There are few defended divorces. This is because the defence of a divorce carries with it a cost implication, and delay and that if your marriage has broken down irretrievably, any behaviour referred to in a petition for divorce is unlikely to have any bearing upon any issues that may arise relating to children that you have, or the division of your matrimonial assets. Most would conclude that the allegations aren’t worth arguing about, and that they would rather spend their money dealing with financial issues or children issues. This is principally because your spouse does not get more money because he/she gives three or four examples of your behaviour which is said unreasonable, unless that behaviour is gross and obvious (e.g.. Violence or swindling out of money). So if you receive an unreasonable behaviour petition, although it may matter to you emotionally what is said about you, in legal terms, the allegations are unlikely to have any further effect.

This means that if you allege that your spouse has behaved in a way which you find unreasonable, you are unlikely to have to provide any further evidence other than the allegations stated in the petition. The divorce is unlikely to be defended.

It is good practice for a petition to be drafted omitting allegations which may be very contentious eg.

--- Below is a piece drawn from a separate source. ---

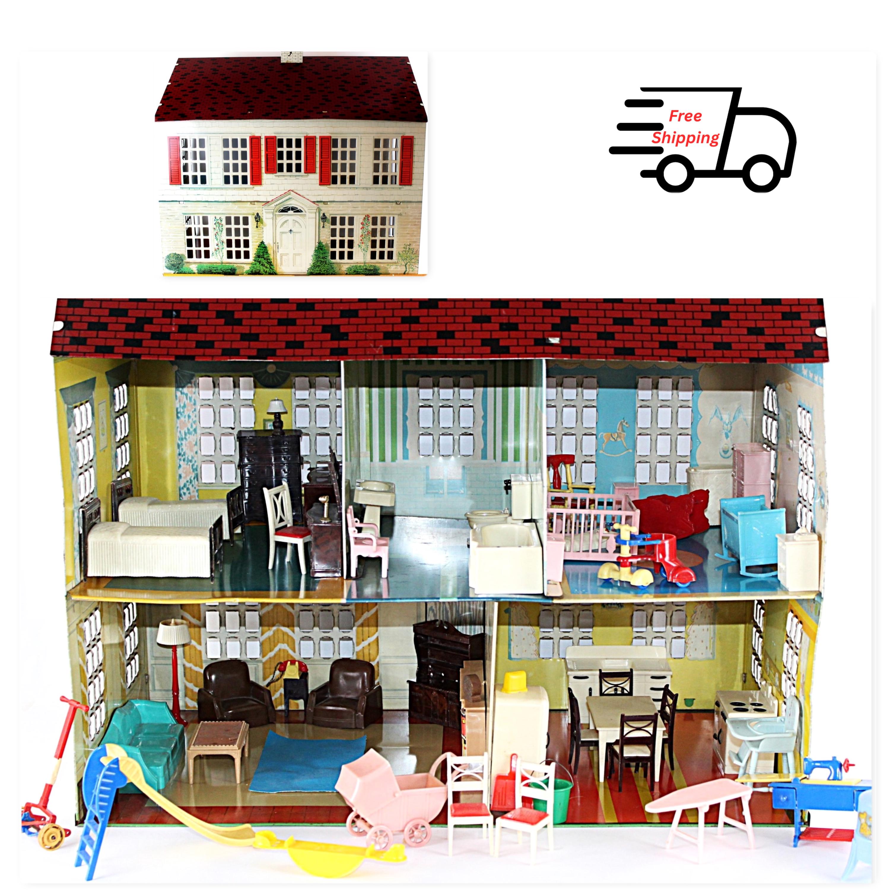 Wonderful find, this 1950s metal dollhouse with doll-sized furniture and accessories. The accessories are made by Renwal Products of the USA and Canada. There are too many accessories to list. Please zoom into all the photographs to see all the furniture and accessories.

Which implicate behaviour towards children in some way

It is also good practice for the behaviour to be agreed in a draft petition before the petition is issued. This is not obligatory.

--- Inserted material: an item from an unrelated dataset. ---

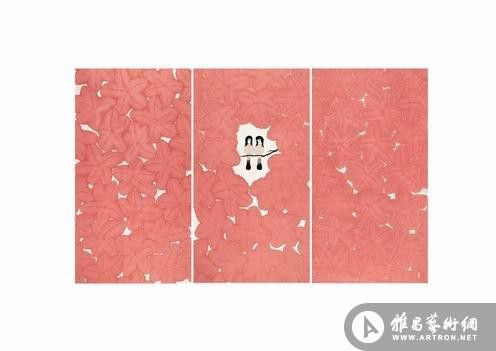 这一幅作品是《万紫千红》花鸟当中画的比较多的,很多人喜欢这幅画,特别是在喜庆、结婚的时候。因为它的色彩比较亮堂,用很时髦的语言就是时尚、阳光,其中红色非常雅致,所以人家就很喜欢。这个红色是用的英国水彩的一个颜色,是在很多中红色中挑选出来的,它的特点就是雅、鲜。从效果上来看,大家感觉叶子中间的叶脉不是我画出来的,而是水分两面因为宣纸的特点晕开来,两面一运开来中间就变成这样了,这种画法就是很自然的效果,同时带有一点设计性质。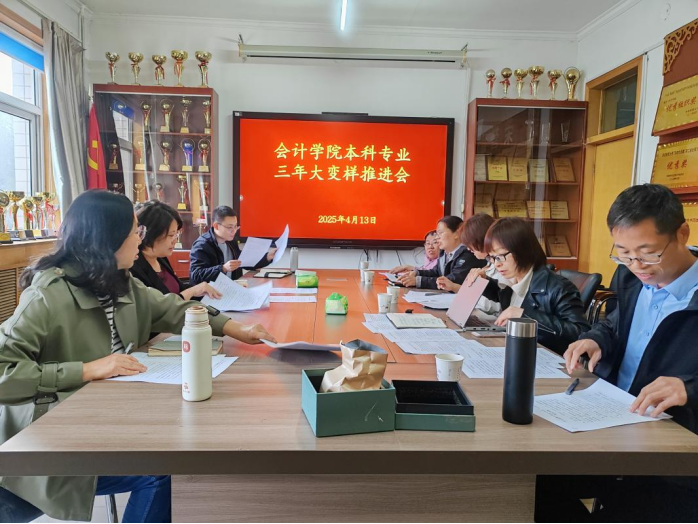 李西文传达了学校《关于报送高校学科专业调整优化“三年大变样”行动方案等材料的通知)的文件精神,对专业调整优化工作进一步明确建设任务、目标和要求,要求各系团队就专业建设思路多交流配合,共同探索优化方向。刘海云带领参会人员详细讨论了各系部提交的“三年大变样”建设思路方案,并给出修改意见。系部书记和正副主任就会计系、审计系、财务管理系的建设思路分别进行了汇报,并就数字融合、师资队伍建设等方面存在的问题和解决方法进行了交流,会议持续两个小时。

If a divorce is defended one of three things may happen:

  • The divorce proceedings are not progressed. You do not get divorced.
  • Your spouse defends the petition, but argues that you should be divorced, but on some other ground e.g.. Your behaviour or adultery. This is called an Answer and Cross-Petition. This usually results in negotiations leading to an agreement as to how the divorce is to proceed because you both do after all want to be divorced. The agreement may be:
    • To proceed on the original petition after all and to come to some agreement about payment of legal fees of the divorce. You may both decide it is not worth spending the money in legal fees to argue about it.
    • To proceed on the basis of your petition and any cross-petition i.e. You each divorce each other usually because you have an agreement that you want to be divorced, but don’t want to pay each other’s legal costs of the proceedings. There is a court fee to pay of £200.00 to file an answer and cross-petition.
    • To proceed on the basis of the cross-petition
  • The divorce proceeds to trial and evidence is then to be submitted of the behaviour alleged to be unreasonable. Few would pursue this route because of the legal costs involved. At the end of the day, you may achieve a divorce, but also a large legal bill, and there may be other ways of divorcing which are cheaper, less acrimonious and swifter e.g. If specific allegations which are really objected to in a petition can be amended.